## REQUIRED WORK
The output should be the listing below, limited to the lines from the one with "Stainless steel case" through the one with "- Un regard", exact and without pictures.

## MATERIAL PROVIDED
§ §
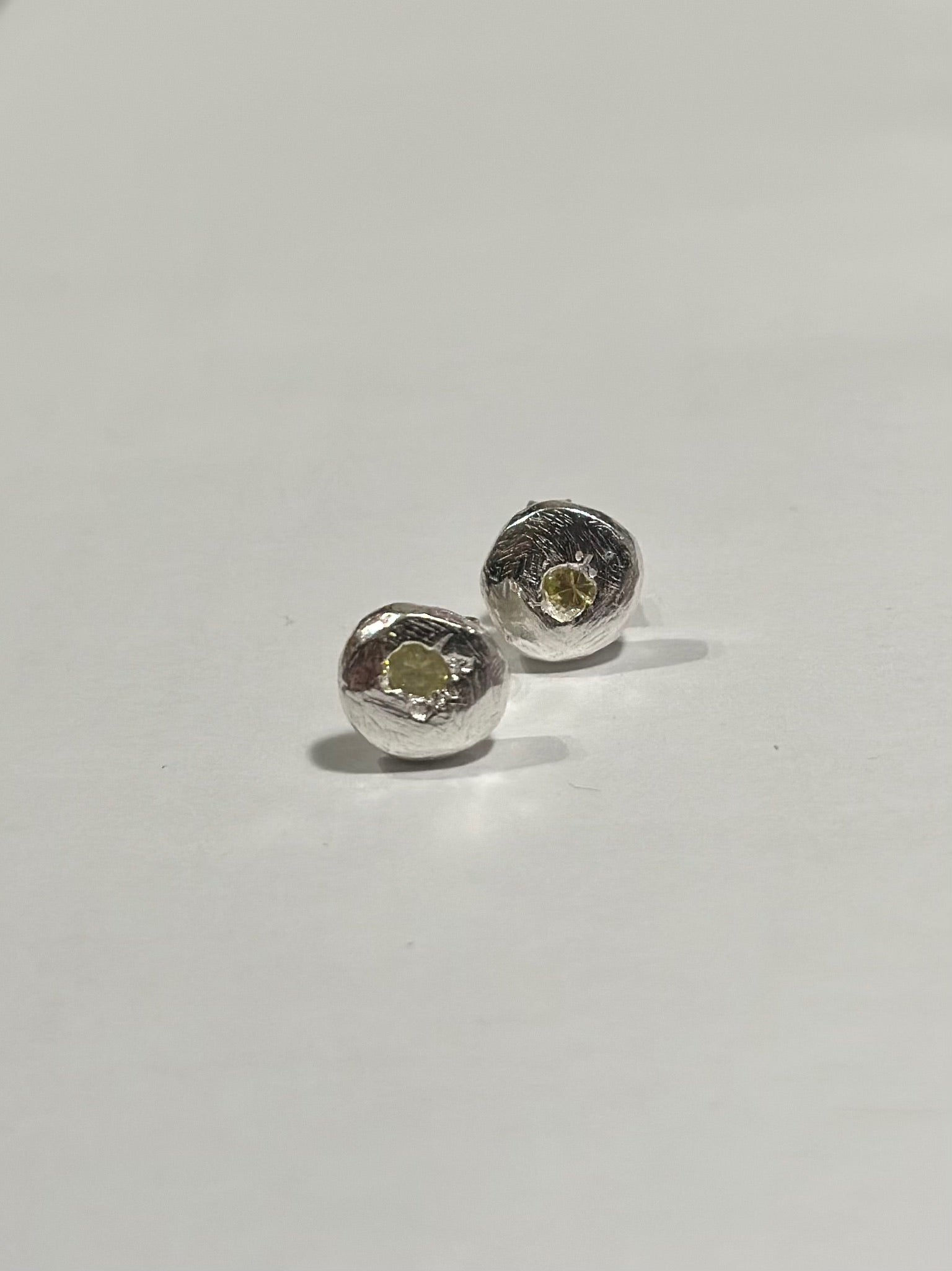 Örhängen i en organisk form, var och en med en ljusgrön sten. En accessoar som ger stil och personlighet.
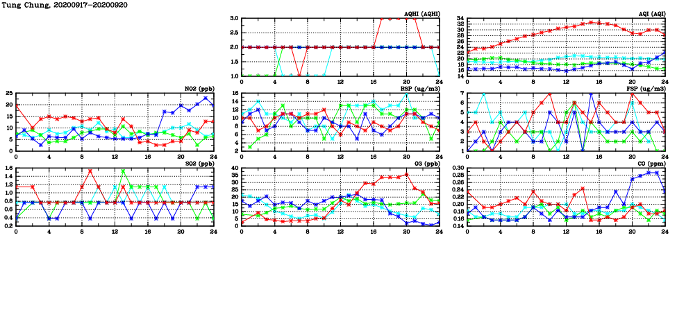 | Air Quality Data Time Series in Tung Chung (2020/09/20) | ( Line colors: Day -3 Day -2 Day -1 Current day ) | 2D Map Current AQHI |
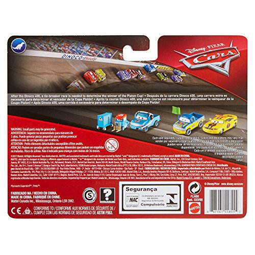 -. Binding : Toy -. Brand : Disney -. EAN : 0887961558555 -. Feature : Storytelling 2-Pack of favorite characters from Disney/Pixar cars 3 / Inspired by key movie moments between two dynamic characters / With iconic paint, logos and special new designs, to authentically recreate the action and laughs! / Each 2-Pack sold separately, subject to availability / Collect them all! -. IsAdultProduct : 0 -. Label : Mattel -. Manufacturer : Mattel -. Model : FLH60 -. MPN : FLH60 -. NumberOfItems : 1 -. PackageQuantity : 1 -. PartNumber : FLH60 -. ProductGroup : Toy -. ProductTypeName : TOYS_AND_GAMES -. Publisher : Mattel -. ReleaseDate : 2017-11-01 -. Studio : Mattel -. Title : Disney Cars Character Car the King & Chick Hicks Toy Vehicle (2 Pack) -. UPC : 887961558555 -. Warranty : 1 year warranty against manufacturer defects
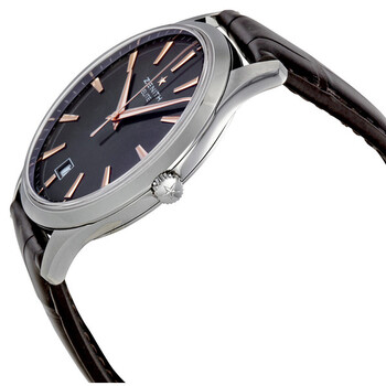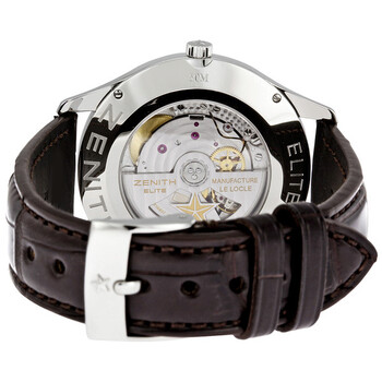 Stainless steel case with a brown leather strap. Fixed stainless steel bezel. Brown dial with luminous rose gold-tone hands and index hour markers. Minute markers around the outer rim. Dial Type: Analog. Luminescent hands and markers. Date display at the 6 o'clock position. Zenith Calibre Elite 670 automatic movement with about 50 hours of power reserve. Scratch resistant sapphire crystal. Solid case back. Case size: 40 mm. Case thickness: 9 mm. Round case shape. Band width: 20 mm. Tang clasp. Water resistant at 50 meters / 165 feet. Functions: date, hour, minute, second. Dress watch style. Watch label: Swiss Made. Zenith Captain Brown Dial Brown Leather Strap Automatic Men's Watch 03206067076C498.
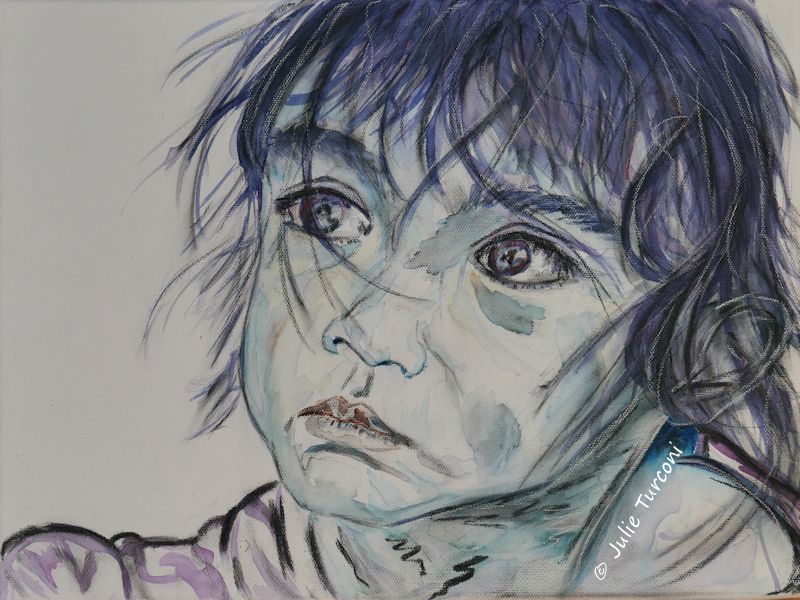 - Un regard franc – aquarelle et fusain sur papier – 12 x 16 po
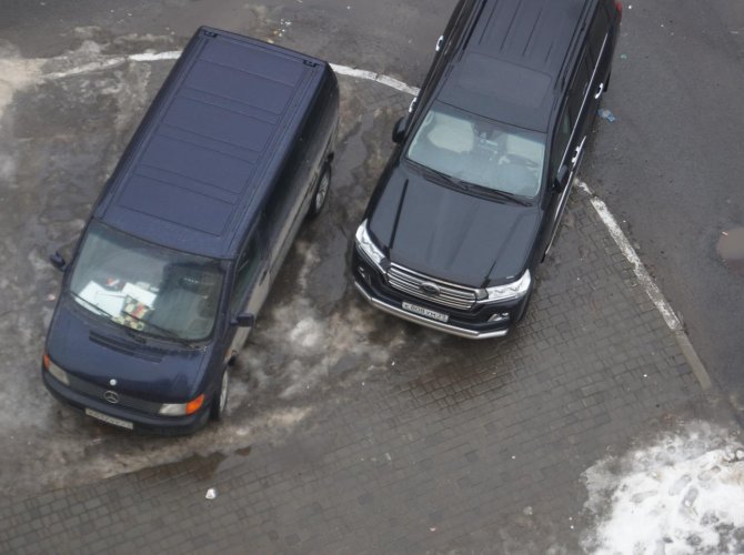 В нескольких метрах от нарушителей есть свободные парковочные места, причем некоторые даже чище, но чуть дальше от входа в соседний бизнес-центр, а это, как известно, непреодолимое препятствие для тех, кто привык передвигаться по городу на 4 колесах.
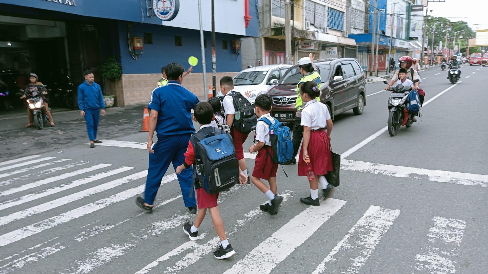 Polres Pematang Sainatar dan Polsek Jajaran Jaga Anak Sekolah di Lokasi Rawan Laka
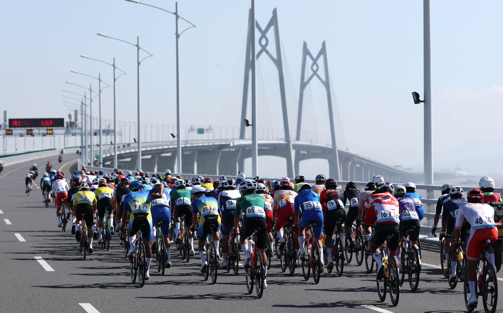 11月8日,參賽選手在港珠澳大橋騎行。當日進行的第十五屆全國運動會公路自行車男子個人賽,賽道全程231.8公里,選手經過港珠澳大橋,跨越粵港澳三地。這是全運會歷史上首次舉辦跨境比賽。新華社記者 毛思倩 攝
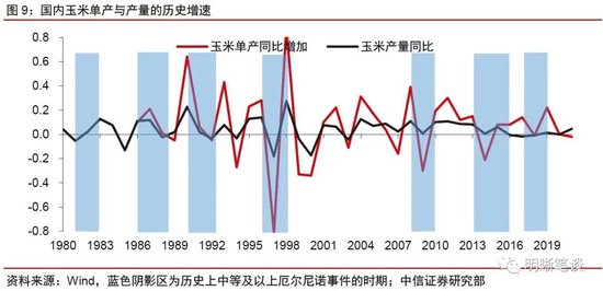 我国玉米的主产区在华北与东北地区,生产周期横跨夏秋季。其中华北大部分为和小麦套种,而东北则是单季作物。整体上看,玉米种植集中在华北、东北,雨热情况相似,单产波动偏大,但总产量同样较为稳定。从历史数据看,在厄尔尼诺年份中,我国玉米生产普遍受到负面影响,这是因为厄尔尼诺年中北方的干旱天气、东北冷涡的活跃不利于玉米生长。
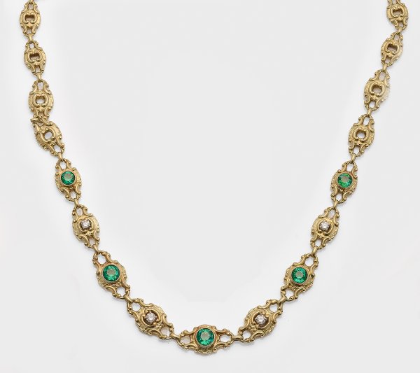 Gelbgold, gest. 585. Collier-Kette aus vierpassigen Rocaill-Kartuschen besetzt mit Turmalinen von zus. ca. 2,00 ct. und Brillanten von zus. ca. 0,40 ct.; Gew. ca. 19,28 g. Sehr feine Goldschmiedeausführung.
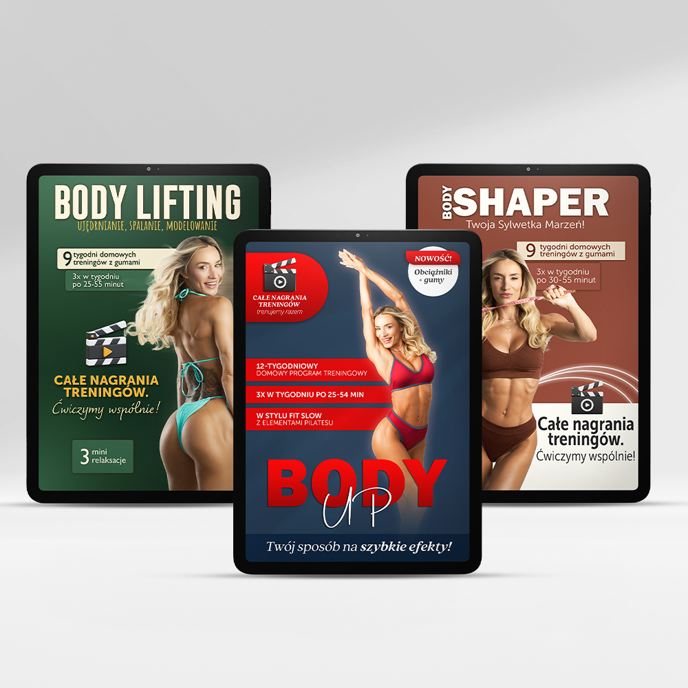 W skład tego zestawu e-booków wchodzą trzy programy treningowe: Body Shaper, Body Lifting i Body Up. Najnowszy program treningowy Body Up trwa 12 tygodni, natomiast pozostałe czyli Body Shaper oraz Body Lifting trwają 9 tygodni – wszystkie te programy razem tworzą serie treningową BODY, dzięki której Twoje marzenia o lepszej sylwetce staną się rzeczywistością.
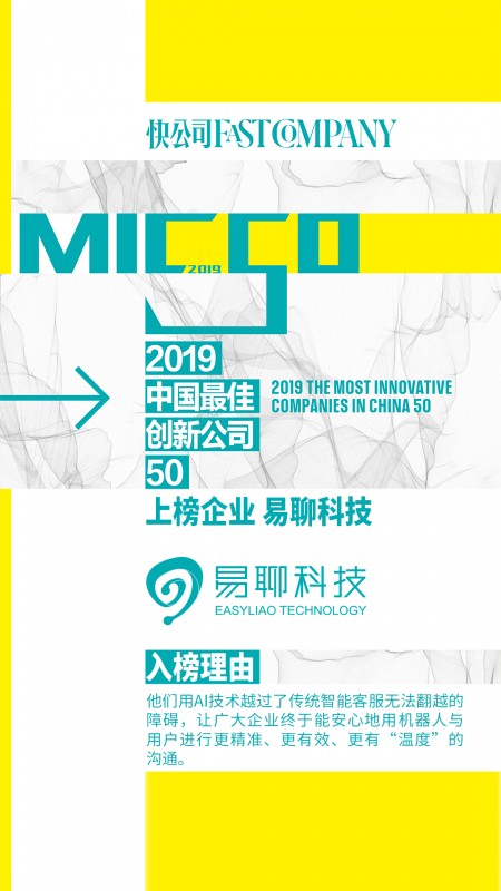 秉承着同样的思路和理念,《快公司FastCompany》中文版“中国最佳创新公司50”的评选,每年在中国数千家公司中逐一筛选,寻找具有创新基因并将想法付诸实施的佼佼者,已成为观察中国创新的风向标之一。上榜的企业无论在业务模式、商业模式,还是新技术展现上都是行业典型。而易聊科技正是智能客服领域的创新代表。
§ §
## THE ANSWER
 Stainless steel case with a brown leather strap. Fixed stainless steel bezel. Brown dial with luminous rose gold-tone hands and index hour markers. Minute markers around the outer rim. Dial Type: Analog. Luminescent hands and markers. Date display at the 6 o'clock position. Zenith Calibre Elite 670 automatic movement with about 50 hours of power reserve. Scratch resistant sapphire crystal. Solid case back. Case size: 40 mm. Case thickness: 9 mm. Round case shape. Band width: 20 mm. Tang clasp. Water resistant at 50 meters / 165 feet. Functions: date, hour, minute, second. Dress watch style. Watch label: Swiss Made. Zenith Captain Brown Dial Brown Leather Strap Automatic Men's Watch 03206067076C498.
 - Un regard franc – aquarelle et fusain sur papier – 12 x 16 po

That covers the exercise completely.